It is important to understand that in both the big endian and little endian systems, a 32-bit integer with the numerical value of, say, 6, is represented by the bits 110 in the rightmost (low-order) 3 bits of a word and zeros in the leftmost 29 bits. In the big endian scheme, these bits are in byte 3 (or 7, or 11, etc.), whereas in the little endian scheme they are in bytes 0 (or 4, or 8, etc.) In both cases, the word containing this integer has address 0.
Pburka (talk) 23:42, 27 March 2015 (UTC)
It looks like you added some additional arguments after my initial response. Your claim that strings have endianess is, I think, novel. I'm not aware of any literature which supports this interpretation of the term. Your argument that lexicographical sorting points to the leftmost character being most significant is intriguing, but I'm not sure it's universally true, and, more importantly, I've never seen this argument in a published source. Pburka (talk) 15:18, 28 March 2015 (UTC)
Thank you very much for your comment. What I do NOT say is:
  1. Strings have endianness.
  2. It is universally true that leftmost character is most significant.
Let me properly point out what could be important for the article Endianness:
  1. Text strings can be compared lexicographically with 3-way outcome where first character ranks highest.
  2. This is a very important kind of comparison since there are implementations of it.

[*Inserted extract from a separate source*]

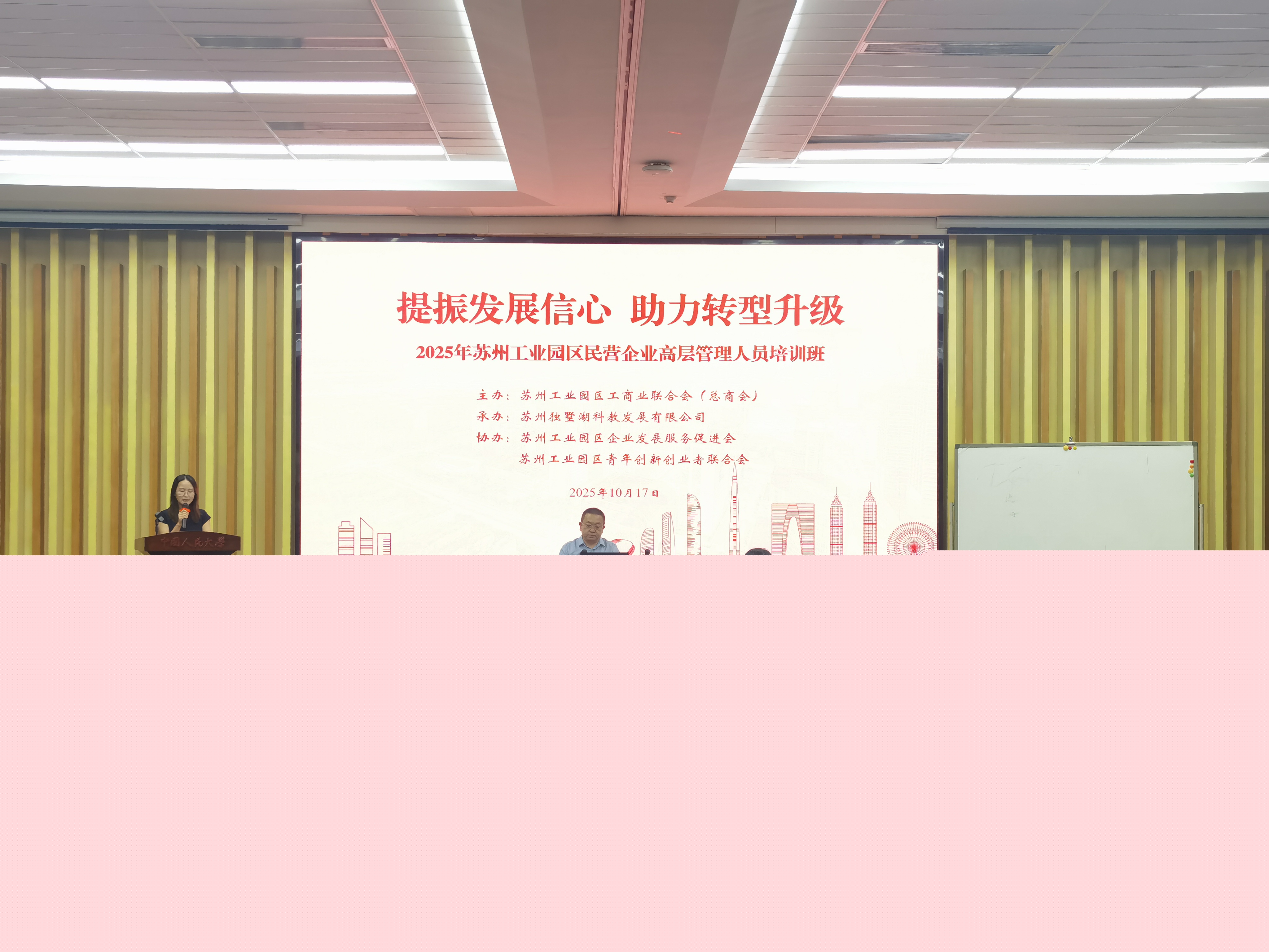 10月16日至17日,2025年蘇州工業(yè)園區(qū)民營企業(yè)高層管理人員培訓班在中國人民大學(蘇州校區(qū))成功舉辦。本次培訓由園區(qū)工商聯(lián)(總商會)主辦,旨在幫助園區(qū)廣大民企負責人開拓視野、認清形勢,準確把握新時代中國穩(wěn)中求進的大趨勢,不斷提高民企的內生動力。兩天共超過200人次參加培訓。

It is easy to verify that:
  1. there are 2 machine instructions in the IBM mainframes, one for operands of the same length and one for operands with different length.
  2. there are subroutines in the C-libraries such as strcmp and memcmp which compare lexicographically. strcmp a little bit more complete in the sense of the enWP-article Lexicographical order in that a proper substring being contained (a Prefix) in the other compares less.
The latter article makes „mathematically“ clear, that the characters have „significance“ depending on their position in the text string they belong to. It even uses the term significant, but not the term big-endian, although the comparison obviously is. Very probably this is, because lexicographical order existed long before little-endian machines came into market and long before Danny Cohen’s article. (Btw same is true for the article Positional notation.)
The importance of the lexicographical comparison comes from its use when looking up dictionaries, telephone books and the like. (Although the latter may be a little bit more complicated than strcmp in that they have or have not case sensitivity, handle Umlauts etc. – but even then the comparison is basically big-endian.) --Nomen4Omen (talk) 17:12, 28 March 2015 (UTC)
It sounds like we're in agreement in that case. Strings don't have endianness, so it's not relevant to this article. Pburka (talk) 18:42, 28 March 2015 (UTC)
Sorry, you misunderstand me. Like numbers don't have endianness as long as you don't calculate with them or compare them for >=< (for example: if you move them they don't have endianness), so text strings do not have endianness as long as you don't compare them for >=< lexicographically (for example: if you only move them). In both cases, the operations bring left or right endianness to the data. Or another way to bring precision into the matter, the operations and the data together define the left or right endianness. --Nomen4Omen (talk) 19:16, 28 March 2015 (UTC)
If you wish to introduce text into this article about endianness and strings I strongly advise you to find reliable sources which discuss this topic. The arguments you've presented, while interesting, are WP:SYNTHESIS and are not appropriate for a Wikipedia article. You don't need to convince us that you're right about endianness and strings: you need to show that it's been discussed in reliable sources. Pburka (talk) 19:59, 28 March 2015 (UTC)